One of the biggest obstacles facing automated speech recognition (ASR) systems is their inability to adapt to novel, unbounded domains. Audiovisual ASR (AV-ASR) is a technique for enhancing the accuracy of ASR systems in multimodal video, especially when the audio is loud. This feature is invaluable for movies shot “in the wild” when the speaker’s mouth might not be in view. Models for this task are often large and comprise both visual and audio encoders and datasets for this task tend to be small.
As other AVASR works, it is only taught and tested using instructional videos. As trials by Google’s research team demonstrate, it performs badly when applied to novel domains using only a single training data set. However, several newly released massive audio-only models have been greatly optimized using self-supervised pretraining and tremendous supervised training on audio-only data from audiobooks like LibriLight and LibriSpeech. Models with billions of parameters, widespread availability, and impressive cross-domain generalization are all features of this class of models. The idea is to recycle the massive investment in such models’ training by reusing their weights. Inspiring them are recent efforts that modify frozen foundation models for use in a variety of domains.

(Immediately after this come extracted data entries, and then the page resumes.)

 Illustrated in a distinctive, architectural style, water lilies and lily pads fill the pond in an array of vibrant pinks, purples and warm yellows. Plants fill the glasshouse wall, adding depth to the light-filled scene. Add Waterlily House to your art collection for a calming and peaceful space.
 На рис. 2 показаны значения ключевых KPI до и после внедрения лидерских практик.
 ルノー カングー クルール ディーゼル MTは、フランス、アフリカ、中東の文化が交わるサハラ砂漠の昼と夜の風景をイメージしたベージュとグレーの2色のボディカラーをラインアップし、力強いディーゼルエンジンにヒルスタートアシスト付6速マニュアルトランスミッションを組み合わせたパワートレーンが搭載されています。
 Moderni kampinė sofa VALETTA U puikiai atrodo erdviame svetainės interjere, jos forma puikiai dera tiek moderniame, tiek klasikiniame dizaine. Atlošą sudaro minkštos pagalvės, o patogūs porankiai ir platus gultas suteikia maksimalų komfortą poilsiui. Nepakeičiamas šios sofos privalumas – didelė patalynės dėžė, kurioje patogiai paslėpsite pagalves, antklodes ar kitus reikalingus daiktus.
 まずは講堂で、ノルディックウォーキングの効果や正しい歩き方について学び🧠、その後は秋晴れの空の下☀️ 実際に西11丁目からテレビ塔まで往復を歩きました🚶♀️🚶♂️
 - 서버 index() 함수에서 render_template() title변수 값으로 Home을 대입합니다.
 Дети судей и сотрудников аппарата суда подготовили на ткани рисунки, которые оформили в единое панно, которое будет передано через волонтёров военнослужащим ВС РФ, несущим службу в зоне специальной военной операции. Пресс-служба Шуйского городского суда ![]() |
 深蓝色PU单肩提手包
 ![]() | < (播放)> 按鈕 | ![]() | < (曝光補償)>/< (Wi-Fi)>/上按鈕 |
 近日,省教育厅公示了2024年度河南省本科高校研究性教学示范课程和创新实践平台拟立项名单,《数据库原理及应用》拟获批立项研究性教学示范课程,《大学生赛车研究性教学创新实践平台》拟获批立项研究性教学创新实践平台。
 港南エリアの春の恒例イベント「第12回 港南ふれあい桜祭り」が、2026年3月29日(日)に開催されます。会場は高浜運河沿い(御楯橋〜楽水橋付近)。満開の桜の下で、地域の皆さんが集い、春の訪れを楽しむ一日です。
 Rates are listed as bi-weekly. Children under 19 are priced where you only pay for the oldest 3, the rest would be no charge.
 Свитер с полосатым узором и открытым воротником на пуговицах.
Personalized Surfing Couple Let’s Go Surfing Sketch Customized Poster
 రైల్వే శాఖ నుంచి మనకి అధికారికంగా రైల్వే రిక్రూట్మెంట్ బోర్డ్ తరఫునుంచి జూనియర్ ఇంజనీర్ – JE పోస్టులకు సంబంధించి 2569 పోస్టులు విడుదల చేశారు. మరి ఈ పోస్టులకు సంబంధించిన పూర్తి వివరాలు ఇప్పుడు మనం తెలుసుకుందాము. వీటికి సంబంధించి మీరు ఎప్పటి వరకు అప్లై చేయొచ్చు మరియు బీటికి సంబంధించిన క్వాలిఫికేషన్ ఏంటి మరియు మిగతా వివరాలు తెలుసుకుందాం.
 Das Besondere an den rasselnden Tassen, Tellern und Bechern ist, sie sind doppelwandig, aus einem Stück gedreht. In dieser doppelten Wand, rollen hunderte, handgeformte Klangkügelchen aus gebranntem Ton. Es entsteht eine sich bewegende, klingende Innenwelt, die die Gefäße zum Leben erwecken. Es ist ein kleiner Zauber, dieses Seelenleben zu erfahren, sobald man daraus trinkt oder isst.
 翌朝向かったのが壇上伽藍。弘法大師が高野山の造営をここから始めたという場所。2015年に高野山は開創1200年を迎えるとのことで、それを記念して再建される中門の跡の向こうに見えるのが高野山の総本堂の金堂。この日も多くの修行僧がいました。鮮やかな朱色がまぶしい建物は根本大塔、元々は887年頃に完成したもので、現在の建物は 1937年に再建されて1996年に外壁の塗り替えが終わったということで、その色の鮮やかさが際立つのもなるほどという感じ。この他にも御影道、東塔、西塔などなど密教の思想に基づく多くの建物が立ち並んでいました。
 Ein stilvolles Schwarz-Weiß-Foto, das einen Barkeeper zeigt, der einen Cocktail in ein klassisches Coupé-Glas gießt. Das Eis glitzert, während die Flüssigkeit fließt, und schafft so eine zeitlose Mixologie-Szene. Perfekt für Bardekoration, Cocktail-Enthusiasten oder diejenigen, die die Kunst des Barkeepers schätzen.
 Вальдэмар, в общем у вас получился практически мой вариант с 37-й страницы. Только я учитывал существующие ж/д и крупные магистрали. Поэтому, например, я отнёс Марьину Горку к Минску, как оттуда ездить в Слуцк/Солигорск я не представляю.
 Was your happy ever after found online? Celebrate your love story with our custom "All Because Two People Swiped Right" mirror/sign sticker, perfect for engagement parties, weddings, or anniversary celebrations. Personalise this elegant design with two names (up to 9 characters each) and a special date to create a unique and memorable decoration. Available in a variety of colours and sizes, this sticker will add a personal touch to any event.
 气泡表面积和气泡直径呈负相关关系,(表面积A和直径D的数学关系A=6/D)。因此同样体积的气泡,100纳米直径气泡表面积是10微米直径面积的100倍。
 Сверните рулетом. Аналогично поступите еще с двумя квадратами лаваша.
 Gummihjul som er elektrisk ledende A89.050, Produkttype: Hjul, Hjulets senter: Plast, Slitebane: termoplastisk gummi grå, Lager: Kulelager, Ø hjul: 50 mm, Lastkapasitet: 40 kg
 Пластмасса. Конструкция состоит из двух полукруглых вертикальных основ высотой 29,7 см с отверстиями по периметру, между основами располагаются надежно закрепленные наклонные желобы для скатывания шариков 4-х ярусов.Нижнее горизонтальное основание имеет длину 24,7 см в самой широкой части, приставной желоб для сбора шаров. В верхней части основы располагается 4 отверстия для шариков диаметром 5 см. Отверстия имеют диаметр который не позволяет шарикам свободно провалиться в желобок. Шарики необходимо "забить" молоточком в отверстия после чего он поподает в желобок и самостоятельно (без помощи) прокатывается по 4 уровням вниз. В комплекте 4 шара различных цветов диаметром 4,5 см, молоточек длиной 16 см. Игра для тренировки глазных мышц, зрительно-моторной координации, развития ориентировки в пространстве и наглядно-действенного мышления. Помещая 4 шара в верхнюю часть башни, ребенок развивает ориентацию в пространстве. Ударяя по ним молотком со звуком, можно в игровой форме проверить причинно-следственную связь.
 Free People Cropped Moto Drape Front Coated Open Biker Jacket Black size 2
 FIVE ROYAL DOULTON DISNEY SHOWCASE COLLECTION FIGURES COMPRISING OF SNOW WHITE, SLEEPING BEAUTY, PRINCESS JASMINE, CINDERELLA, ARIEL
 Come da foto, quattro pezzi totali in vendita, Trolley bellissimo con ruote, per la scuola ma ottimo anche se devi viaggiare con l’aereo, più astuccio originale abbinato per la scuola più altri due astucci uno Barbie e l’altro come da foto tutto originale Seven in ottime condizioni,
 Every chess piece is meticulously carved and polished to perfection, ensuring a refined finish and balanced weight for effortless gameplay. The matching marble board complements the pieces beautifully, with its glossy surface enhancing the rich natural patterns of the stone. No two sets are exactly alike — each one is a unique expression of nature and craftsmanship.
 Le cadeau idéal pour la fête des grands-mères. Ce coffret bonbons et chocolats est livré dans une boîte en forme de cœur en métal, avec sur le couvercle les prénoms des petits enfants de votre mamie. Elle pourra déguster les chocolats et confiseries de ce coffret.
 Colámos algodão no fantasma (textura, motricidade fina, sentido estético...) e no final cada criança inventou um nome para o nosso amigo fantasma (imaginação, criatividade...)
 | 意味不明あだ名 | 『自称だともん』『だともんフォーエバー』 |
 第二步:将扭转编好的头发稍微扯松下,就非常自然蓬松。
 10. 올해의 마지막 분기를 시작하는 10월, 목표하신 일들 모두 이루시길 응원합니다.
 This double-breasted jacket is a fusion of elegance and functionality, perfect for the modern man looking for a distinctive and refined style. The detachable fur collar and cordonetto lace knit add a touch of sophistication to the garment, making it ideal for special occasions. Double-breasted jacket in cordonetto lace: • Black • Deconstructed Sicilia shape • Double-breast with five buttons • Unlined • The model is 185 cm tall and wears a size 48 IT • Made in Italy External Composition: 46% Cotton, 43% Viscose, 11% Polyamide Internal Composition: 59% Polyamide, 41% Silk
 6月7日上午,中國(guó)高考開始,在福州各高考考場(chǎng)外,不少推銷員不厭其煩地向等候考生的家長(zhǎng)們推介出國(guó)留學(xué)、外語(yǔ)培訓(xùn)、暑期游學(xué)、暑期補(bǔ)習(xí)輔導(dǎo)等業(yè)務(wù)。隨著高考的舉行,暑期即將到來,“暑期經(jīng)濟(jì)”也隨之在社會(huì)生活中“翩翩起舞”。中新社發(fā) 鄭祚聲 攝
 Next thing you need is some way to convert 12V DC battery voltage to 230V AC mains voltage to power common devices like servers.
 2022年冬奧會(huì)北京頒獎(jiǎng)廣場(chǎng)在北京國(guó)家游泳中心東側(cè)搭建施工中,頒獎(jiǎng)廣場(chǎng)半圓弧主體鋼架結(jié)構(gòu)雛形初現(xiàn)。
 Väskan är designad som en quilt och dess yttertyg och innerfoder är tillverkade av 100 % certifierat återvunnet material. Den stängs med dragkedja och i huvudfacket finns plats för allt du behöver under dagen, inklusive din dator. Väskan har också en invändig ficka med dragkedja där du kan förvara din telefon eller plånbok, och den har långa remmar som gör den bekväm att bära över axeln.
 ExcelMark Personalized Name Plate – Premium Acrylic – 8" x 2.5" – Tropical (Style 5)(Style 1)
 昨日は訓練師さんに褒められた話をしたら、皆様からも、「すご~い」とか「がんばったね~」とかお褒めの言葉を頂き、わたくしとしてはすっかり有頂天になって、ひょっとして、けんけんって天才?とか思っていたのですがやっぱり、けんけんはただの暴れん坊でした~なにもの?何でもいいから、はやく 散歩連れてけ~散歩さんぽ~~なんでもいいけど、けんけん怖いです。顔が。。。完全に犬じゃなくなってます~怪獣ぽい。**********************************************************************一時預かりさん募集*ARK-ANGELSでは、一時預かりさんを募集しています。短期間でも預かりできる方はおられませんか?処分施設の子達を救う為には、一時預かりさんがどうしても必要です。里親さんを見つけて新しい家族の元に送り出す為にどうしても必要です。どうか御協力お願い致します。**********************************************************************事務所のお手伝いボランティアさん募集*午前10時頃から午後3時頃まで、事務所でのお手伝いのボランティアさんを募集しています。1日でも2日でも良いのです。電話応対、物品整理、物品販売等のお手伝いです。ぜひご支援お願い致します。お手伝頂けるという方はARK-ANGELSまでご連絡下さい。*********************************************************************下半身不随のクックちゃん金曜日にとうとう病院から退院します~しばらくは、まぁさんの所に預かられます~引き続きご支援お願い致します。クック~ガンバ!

While these models retain the advantages of audio-only pretraining for zero-shot generalization, they now integrate visual inputs in a lightweight manner to enable AV-ASR. The AVFormer framework uses light projection layers and trainable adaptors to infuse visual input into a static ASR model.
Researchers demonstrate that these can be taught with minimal extra training time and parameters on a modest amount of poorly labeled video data. This reduces the potential for domain shift and catastrophic forgetting associated with end-to-end finetuning. They also incorporate a basic curricular plan during training to guarantee consistency in the finetuning of these adapters, which they demonstrate is essential for the model to interpret auditory and visual data in tandem correctly. Finally, they show that the model beats state-of-the-art zero-shot approaches on three AV-ASR benchmarks from various domains while maintaining respectable performance on baselines that rely just on audio.
Zero-shot generalization across all AV domains is the target without sacrificing quality on audio-only benchmarks. A state-of-the-art ASR model is used as a starting point and then modified for use in unrestricted AV-ASR. The following two elements are used to include visual features derived from a robust pretrained visual model into the model:
- They use a linear projection of visual elements to incorporate audio tokens.
- To facilitate domain adaptation, they introduce minimally invasive adapters into the ASR model’s encoder before it is frozen.
Here are some of the architecture’s most crucial parts:
- Encoder and decoder for frozen conformers
- Layers of the optical encoder and projection are used for projecting and extracting features from images.
- Adaptation layers were added to the core infrastructure, specifically for the audio spectrum.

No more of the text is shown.